ビジネス戦略の本質は実はかなりシンプルな顔をしていると私は考えています。ようするに戦略の行きつく先もその3つしかないということです。戦略、つまり経営資源の配分先は、結局のところPreference(好意度)、Awareness(認知)、Distribution(配荷)の3つに集約されるのです。その中でも無限の可能性を持っているのはプレファレンスのみですから、戦略の究極的な焦点は消費者プレファレンスを高めることです。
繰り返しになりますが、プレファレンスは、主にブランド・エクイティー、価格、製品パフォーマンスの3つによって決定されます。 裏返すと、戦略を立てる上で着眼すべき点も最初からその3つしかないということ。自社ブランドの問題点の発見も、成長させていく有力な伸び代の発見も同じです。最初からその3つのビジネス・ドライバーに絞って探していくことで、確率の高い戦略に早く辿りつくということです。認知にもっと伸び代はないか? 配荷にもっと工夫はできないのか? プレファレンスに革新的な変化を起こす方法はないか? その3点にベクトルを合わせて頭の中で追いかけ、仮説を立てながら思考するのです。そうすることで勝てる戦を見つけるのが本当に早くなります。
プレファレンスが上がれば、自社ブランドの最大ポテンシャルを上げることができ、ビジネスは成長します。

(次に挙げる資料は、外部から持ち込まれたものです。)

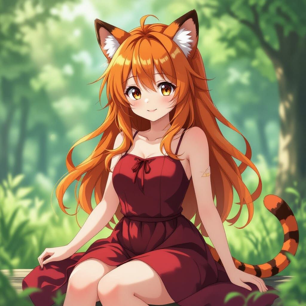 This image features an anime girl with distinctive tiger ears and tail, vibrant orange hair and eyes, and a sophisticated wine-colored dress. Rendered in a dreamy, Ghibli-inspired anime style with cinematic lighting.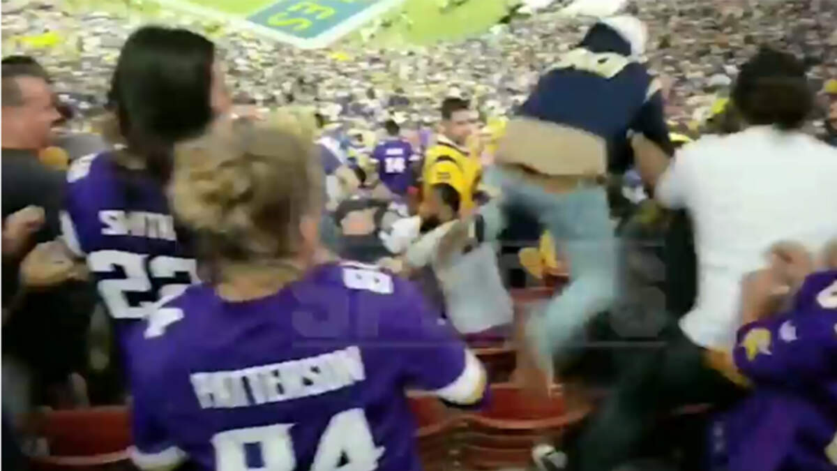 While the Los Angeles Rams and the Minnesota Vikings battled it out on the field on Thursday (9/27) night, fans decided to settle their differences in the stands. Video obtained by TMZSports shows a wild melee between two groups of rival fans that ended with one guy getting tossed down four rows of hard plastic seats.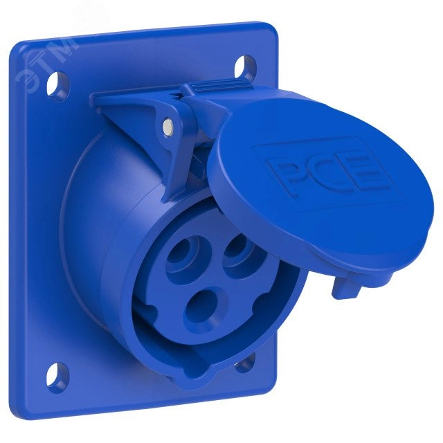 Розетка встраиваемая наклонная 16А/230V/1P+N+E/IP44, фланец 70x85, материал - полиамид, винтовые клеммы, цвет изделия синий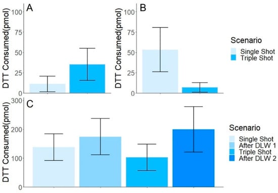 Oxidative potential was measured by DTT consumption with averages and SEM for single shot (11.1 ± 9.6 pmol) and triple shot (35.3 ± 19.9 pmol) (Figure 6A). There was a 68% increase in oxidative potential for the triple shot compared to the single shot averages. This increase was consistent with the observed increase in elemental concentrations for the filter samples based on number of shots. A previous study investigating PM2.5 identified metals as a major contributor to DTT consumption [64]. Additional DTT analysis of GSR samples may help identify differences based on the number of shots fired or specific firearms used.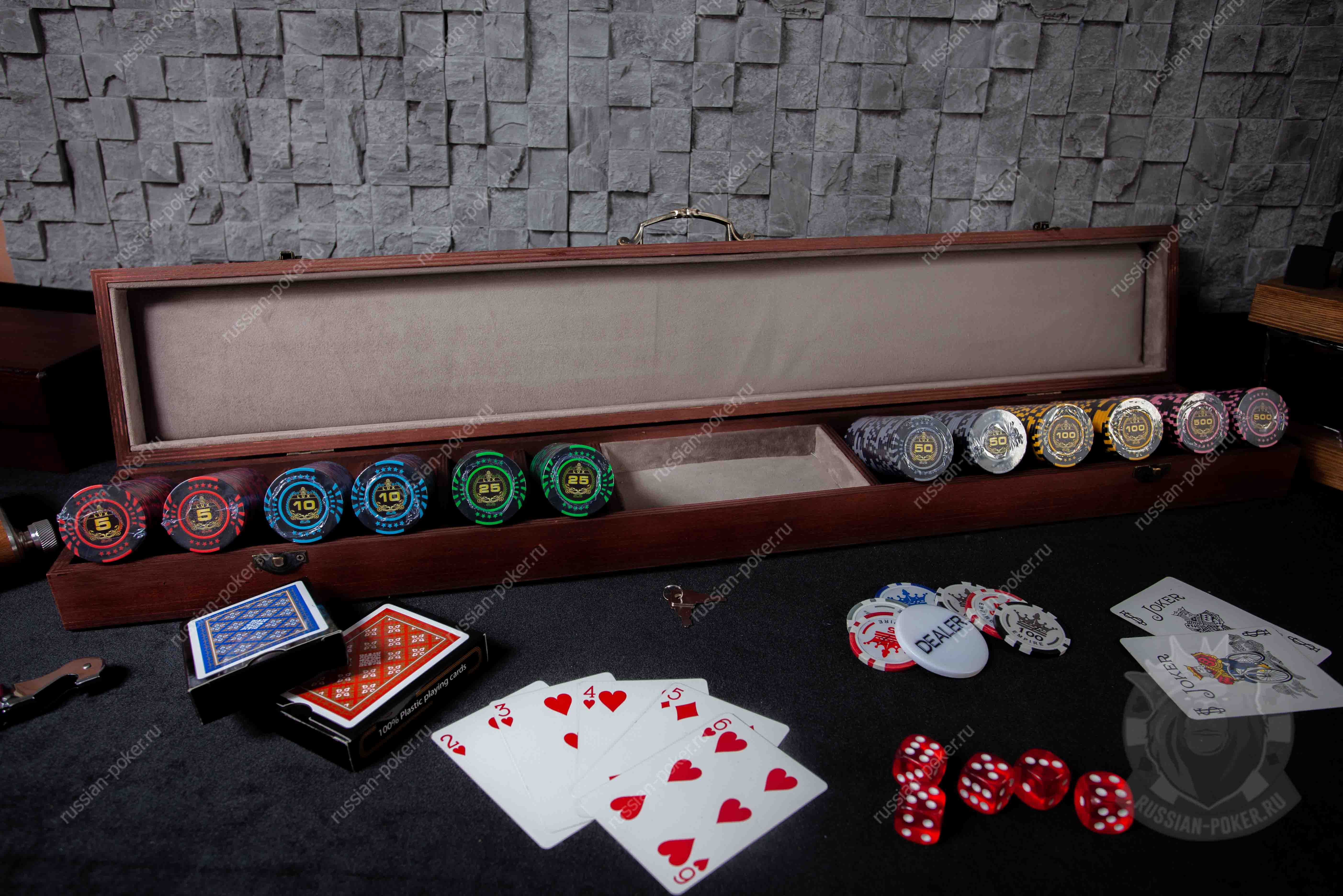Набор покера Casino Royale на 300 фишек с номиналом, в черном деревянном кейсе с пластиковыми картами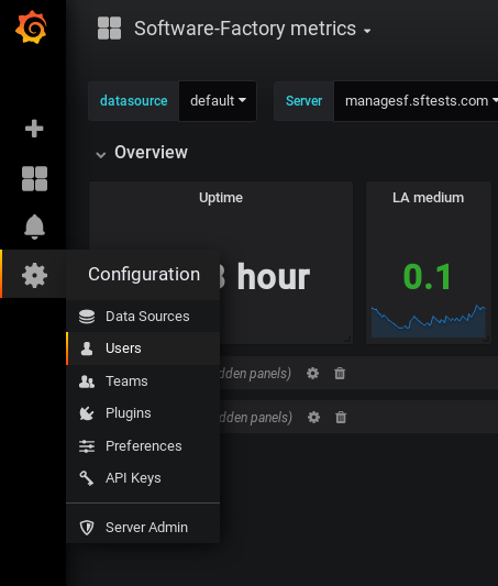 Software Factory comes with default dashboards for system, Zuul and Nodepool providers. These dashboards are automatically generated and can’t be modified by admin or users. You can use the metrics directory within the config repository to add user’s defined dashboards. These dashboards are generated from yaml files using grafyaml. You can find some documentation to add custom dashboards on the user documentation.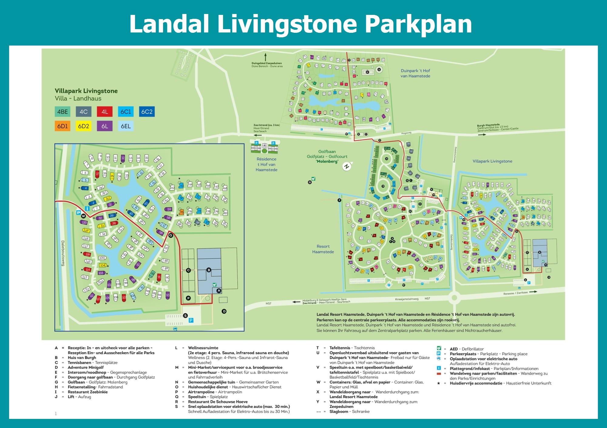 Aktueller und übersichtlicher Parkplan von Landal Livingstone mit alle Unterkünfte und Einrichtungen, auch als PDF herunterladbar.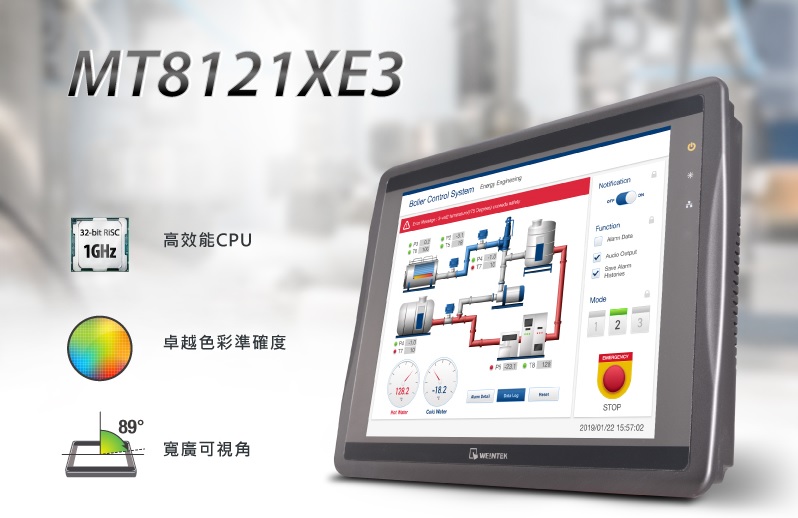 MT8121XE3為12.1”的人機介面,採用強化工業塑膠機殼,搭載高效能1GHz處理器以及1024×768解析度IPS觸控螢幕,並配有完備豐富的外接界面,包含: 序列埠、乙太網路、USB Client、USB Host、SD卡。軟體方面,除了廣泛支援市面上眾多工業設備通訊協議支援外,更支援各式影像功能如 IP攝影機、USB攝影機、VNC Viewer……等。搭配IPS螢幕的絕佳優勢,影像的色彩視覺呈現將更為精緻,為人機使用者提供更為優異的視覺體驗。IPS螢幕的顯示幾乎無死角,可視角可高達89度(全方向),也將為人機安裝方式提供更多可能性。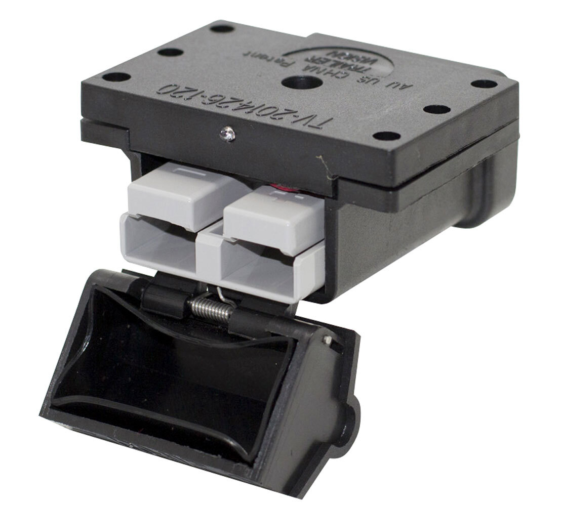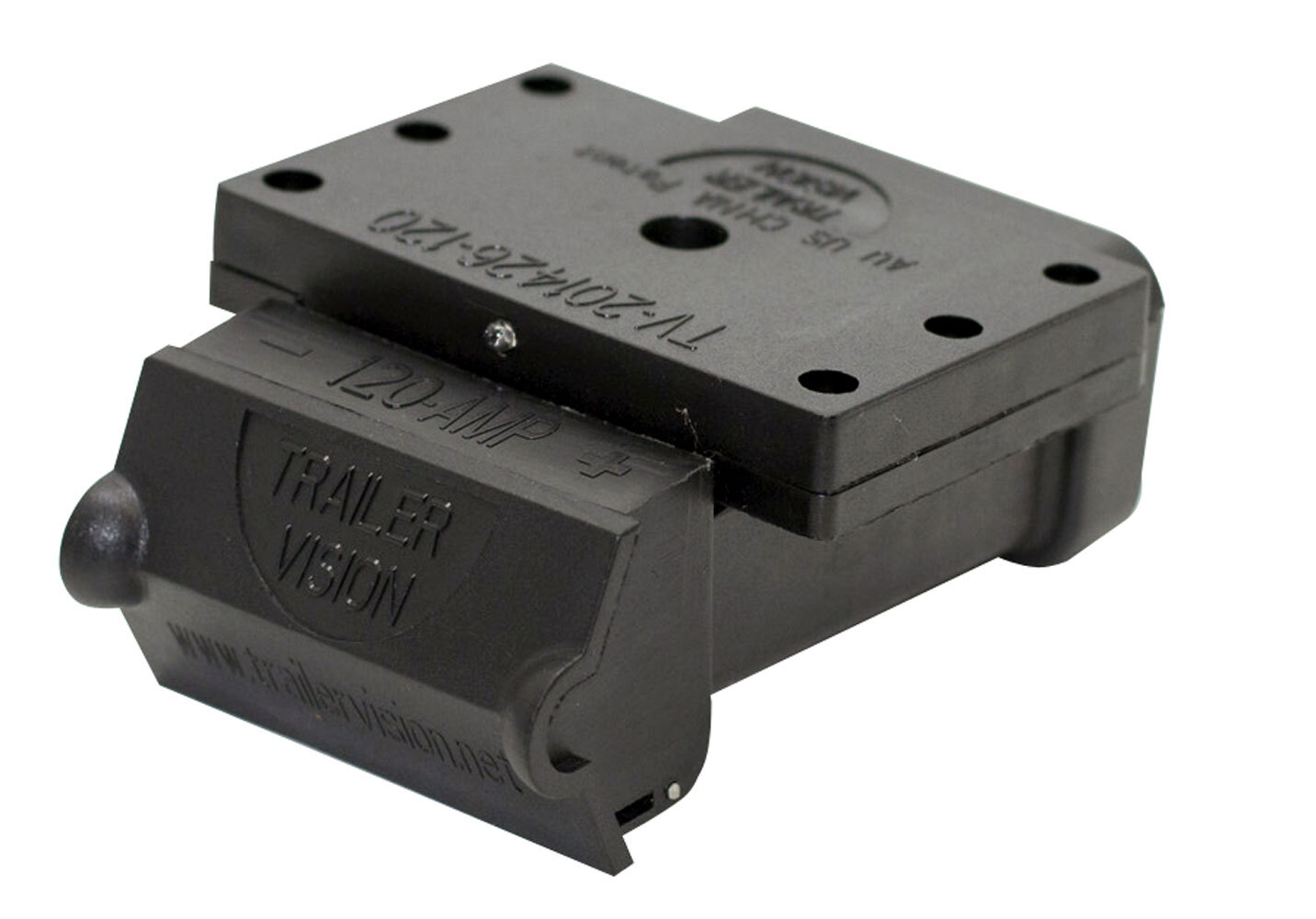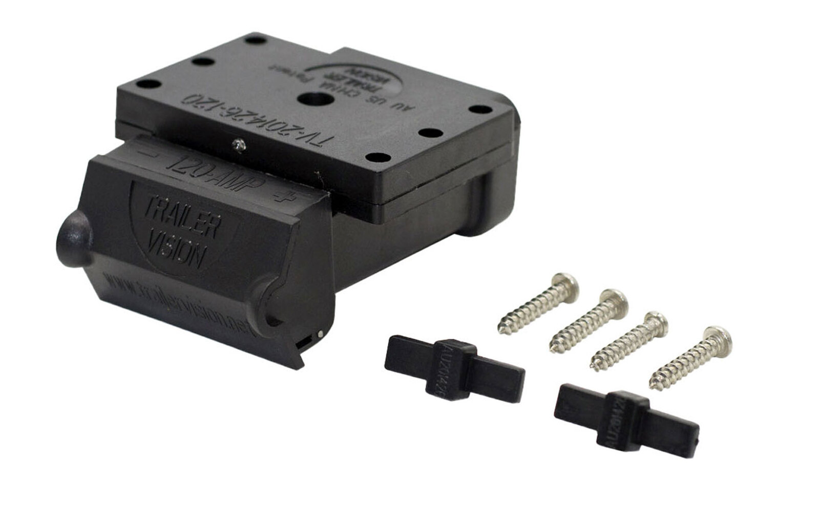 Trailer Vision’s black cover for Anderson 120a connectors has multiple attachment points for easy surface mounting to towbars, brackets for horizontal mounting, or walls and panels for vertical mounting. This model also features a Red LED power sensor.

消費者が相対的に自社ブランドをより強く好むようになれば、ポテンシャルが上がるのは当然です。またプレファレンスがたとえ一定でも、認知率や配荷率を上げることでも(制限が減るので)ビジネスは成長します。本書においては、プレファレンスを上げることで成長させる前者を「ブランドの質的な成長」と呼び、認知や配荷を上げることで成長させる後者を「ブランドの量的な成長」と呼びます。 私の経験上、問題のあるビジネスのたいていはプレファレンス以前に、「認知」と「配荷」にわかりやすい大きな問題があります。認知と配荷は、それぞれの割合によってブランドの可能性を一気に制限してきますので、これを拡げることは効果抜群です。認知を上げても、配荷を上げても、ある程度までは直線的にビジネスは伸びていきます。認知を伸ばすこと、そして配荷率を伸ばすことは、一番わかりやすくて確実性の高い勝てる戦なのです。

ブランド・エクイティ
ブランドが有する資産的な価値。企業はブランドによって、他の企業から商品、サービスを差別化をしている。ブランドが直接、間接に企業の資産価値に及ぼす影響は少なくない。例えば、ブランドに対する消費者からのイメージの良し悪しによって、商品の価格設定や生産量が変わってくるからである。このような、ブランドが持つ知名度や信頼感などの無形の価値を「資産」ととらえたものがブランド・エクイティ(ブランド価値)である。また特に、品質の評価の判断が難しい製品やサービスでは、ブランドの価値が非常に重要になってくるため、広報活動などによるブランド・エクイティの構築に費用、時間をかけることが多い。